As the investments and surpluses have grown big; cities and capitalism as a production system expanded geographically, ensuing a process of creative destruction -- urban remodelling and transfer of control of urban locales from working-classes to the rich.

Possibilities of rebel cities

A process of dispossession entails that the urban masses are stripped of any right to the city. Periodically, this process of creative destruction has ended in revolt -- for instance, the working-class protests of 1871 in Paris and of the 1960s in the US. 

In the current historical conjuncture, the main obstacle in making a city equal for all is the private control over the “surplus” professed by neoliberalism and consumerism. Therefore, we all must converge on the singular aim of gaining greater control over the uses of surplus and over the conditions of its production. 

David Harvey in the book Rebel Cities: From the Right to the City to the Urban Revolution proposed that we must create urban commons and de-commodify public goods such as education, health care, housing, and the like.

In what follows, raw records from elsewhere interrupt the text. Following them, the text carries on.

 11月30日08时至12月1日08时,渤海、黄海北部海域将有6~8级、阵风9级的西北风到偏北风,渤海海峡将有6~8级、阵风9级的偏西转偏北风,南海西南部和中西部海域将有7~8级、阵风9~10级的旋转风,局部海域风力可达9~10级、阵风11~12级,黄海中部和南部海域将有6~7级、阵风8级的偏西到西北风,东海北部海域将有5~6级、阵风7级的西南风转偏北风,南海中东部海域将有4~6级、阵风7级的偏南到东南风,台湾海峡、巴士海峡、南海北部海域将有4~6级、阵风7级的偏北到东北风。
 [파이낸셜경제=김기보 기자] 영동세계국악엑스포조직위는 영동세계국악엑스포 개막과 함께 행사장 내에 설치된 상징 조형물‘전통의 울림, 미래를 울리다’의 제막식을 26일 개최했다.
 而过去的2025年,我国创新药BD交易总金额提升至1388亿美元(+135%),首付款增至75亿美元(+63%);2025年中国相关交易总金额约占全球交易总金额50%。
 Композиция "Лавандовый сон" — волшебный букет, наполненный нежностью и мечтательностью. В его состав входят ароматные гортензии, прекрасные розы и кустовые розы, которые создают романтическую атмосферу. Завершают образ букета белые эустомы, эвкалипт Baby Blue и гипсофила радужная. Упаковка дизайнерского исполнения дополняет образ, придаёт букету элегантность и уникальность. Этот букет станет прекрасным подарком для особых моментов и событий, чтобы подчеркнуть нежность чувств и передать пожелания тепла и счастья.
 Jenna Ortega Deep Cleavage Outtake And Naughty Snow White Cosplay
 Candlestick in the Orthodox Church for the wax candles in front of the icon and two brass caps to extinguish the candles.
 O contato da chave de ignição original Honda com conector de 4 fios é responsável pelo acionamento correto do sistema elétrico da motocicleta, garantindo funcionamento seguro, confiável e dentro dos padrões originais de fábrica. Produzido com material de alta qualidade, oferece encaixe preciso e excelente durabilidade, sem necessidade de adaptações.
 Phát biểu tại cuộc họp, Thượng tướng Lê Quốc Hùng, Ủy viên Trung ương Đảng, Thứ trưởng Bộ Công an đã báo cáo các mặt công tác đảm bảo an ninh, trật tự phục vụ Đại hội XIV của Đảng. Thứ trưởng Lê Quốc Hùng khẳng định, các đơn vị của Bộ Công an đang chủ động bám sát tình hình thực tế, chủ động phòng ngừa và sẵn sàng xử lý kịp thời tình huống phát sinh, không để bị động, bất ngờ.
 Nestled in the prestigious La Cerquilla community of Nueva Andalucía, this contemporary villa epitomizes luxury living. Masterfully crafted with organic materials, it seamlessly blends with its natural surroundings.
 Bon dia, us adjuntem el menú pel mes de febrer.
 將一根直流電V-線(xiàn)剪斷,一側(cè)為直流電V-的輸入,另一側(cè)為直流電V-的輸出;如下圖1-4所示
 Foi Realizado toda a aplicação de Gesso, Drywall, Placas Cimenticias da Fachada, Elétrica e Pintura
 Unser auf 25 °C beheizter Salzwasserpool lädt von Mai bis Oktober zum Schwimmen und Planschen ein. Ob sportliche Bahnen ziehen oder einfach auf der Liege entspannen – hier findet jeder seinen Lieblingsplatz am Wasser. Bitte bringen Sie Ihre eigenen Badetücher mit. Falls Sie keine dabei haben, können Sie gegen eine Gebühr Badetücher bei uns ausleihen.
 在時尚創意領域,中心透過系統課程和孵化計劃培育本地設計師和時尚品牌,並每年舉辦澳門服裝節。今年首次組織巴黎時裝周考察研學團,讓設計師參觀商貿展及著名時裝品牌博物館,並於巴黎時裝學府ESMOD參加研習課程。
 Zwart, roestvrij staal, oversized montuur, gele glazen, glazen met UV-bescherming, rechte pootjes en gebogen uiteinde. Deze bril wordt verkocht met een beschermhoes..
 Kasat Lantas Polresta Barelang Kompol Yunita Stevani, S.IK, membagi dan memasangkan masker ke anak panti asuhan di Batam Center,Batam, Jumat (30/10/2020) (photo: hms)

Against the capitalist onslaught, we should self-organize and work towards ensuring common societal benefit, ie, non-commodified commons. 

We can take a lead from the recent egalitarian experiments that the Covid-19 pandemic has forced us to adopt, though for a limited time. During this global crisis, we experimented with alternative systems of resource distribution, such as free supply of basic foods to the poorer groups through volunteers. 

Many facilitated a process through which agricultural products reached from the farmers to the consumers devoid of any middlemen, there were platforms for free medical consultation via digital mediums, and so on. 

We should all join in to continue this form of solidarity in the future. This expectation is not utopian. We have seen signs of a new society. In realizing a new world, we must analyze cities as class phenomena, and centre of anti-capitalist resistance. 

Mohammad Tareq Hasan is an anthropologist and teaches at the University of Dhaka. This piece is written for the series: Contemporary City Dynamics.